Thu, 2012-09-27 15:19 -- mansfieldland

Kelly Webster, the Director of The Writing Center, discusses Native Son, by Richard Wright.

 

Transcript

In honor of Banned Books Week’s 30th Anniversary, I want to talk about a book that I think has been banned in many different contexts since it was published in 1945, a book that’s still debated today, and a book that I read when I was probably sixteen or seventeen years old and it had a pretty big impact on me at that time.

So the book is Richard Wright’s Native Son, which has been banned in different places for a variety of reasons but it seems like some of the major patterns in why it has been banned is because of what people perceive as violence, profanity, and sexually explicit content. The book is about an African American man, the main character is Bigger Thomas, who lives in inner city Chicago in the 1930s and he, in moment of, I think, great fear and panic, winds up suffocating a white woman, and he murders her. Bigger, the character, suffers from all kinds of dysfunction as a result of racism, poverty, his life growing up in inner city Chicago. And so the book, as a result the book explores not only Bigger’s guilt, because he winds up confessing to his crime and suffering all kinds of guilt but I think the book also explores society’s guilt for why his life turned out the way it did.

So I read this, like I said, when I was in high school. I was only sixteen and sort of right at the cusp of adulthood, I guess.
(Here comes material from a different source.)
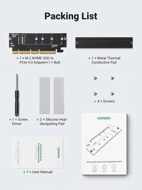 1 x adapter M.2 NVMe v PCIe s hladilnikom, 2 x silikonske blazinice za odvajanje toplote, 4 x vijaki, 1 x izvijač.

Pretty lacking in experiences, probably thinking I knew far more about the world than I actually did. And I think that’s the thing about many of the books that have been banned, I think many of us have read these books when we were right on the edge of becoming an adult. So books like To Kill a Mockingbird, The Great Gatsby, 1984 and even I think younger generations, more recently, books like Harry Potter or The Hunger Games – so books that we read when we were lacking in experience but probably forming our opinions about the world.

So this book, I think the value of this book, and probably the value of – one of the values of literature in general – is that when you are lacking in experience, and all of us are, to a certain degree, I think literature can give you access to experiences that you wouldn’t otherwise have, to other realities or other possibilities that you wouldn’t otherwise encounter, and that was certainly the case when I read this book. It sort of forced me to stretch beyond what was familiar to me.
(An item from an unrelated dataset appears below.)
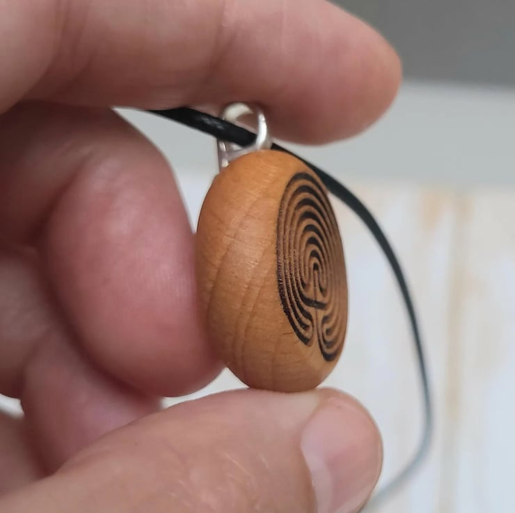 Laser engraved on solid untreated beechwood, this 25mm pendant features the ancient labyrinth — a sacred spiral path used in witchcraft and pagan traditions for meditation, grounding, and inner discovery.

So, when I read this book I was in high school. It was on the assigned reading list for my, my – it must have been my sophomore or junior year English class, and we had a number of parents who objected to this book. And so my teacher, my high school teacher, who was a big supporter of banned books, of – not – of having us read banned books, my teacher was forced to give the class an alternative. So, they didn’t take the book off the reading list, but the students were allowed to choose a book to read instead. So, I would say that probably half of my class did not read this book – they read a different book. And for me that was problematic, even then I remember as a sixteen year old thinking: I couldn’t talk to half of my class about this book and about what I was experiencing reading it, and I think that the other book, the other option, probably had far less at stake. This book made me a lot more uncomfortable than the other book made my classmates.

So there’s a lot more, I think, to face in a book like this. I couldn’t, as a student, I couldn’t escape this book. I had dreams about it. I couldn’t stop thinking about Bigger, the character, or about the social issues that it brought up that I had never thought about before. So I think, for me, Native Son, really represents – and probably all banned books represent – really the freedom to be able to read something that could potentially change you, and the freedom to read things that take us sort of beyond our small worlds. And my world was pretty small at that time, and I would probably say that my world is pretty small still, so I think reading things that are outside the scope of what we would otherwise experience is pretty important. So this is my book!

I’m Kelly Webster, I’m the Director of the Writing Center, and I read banned books.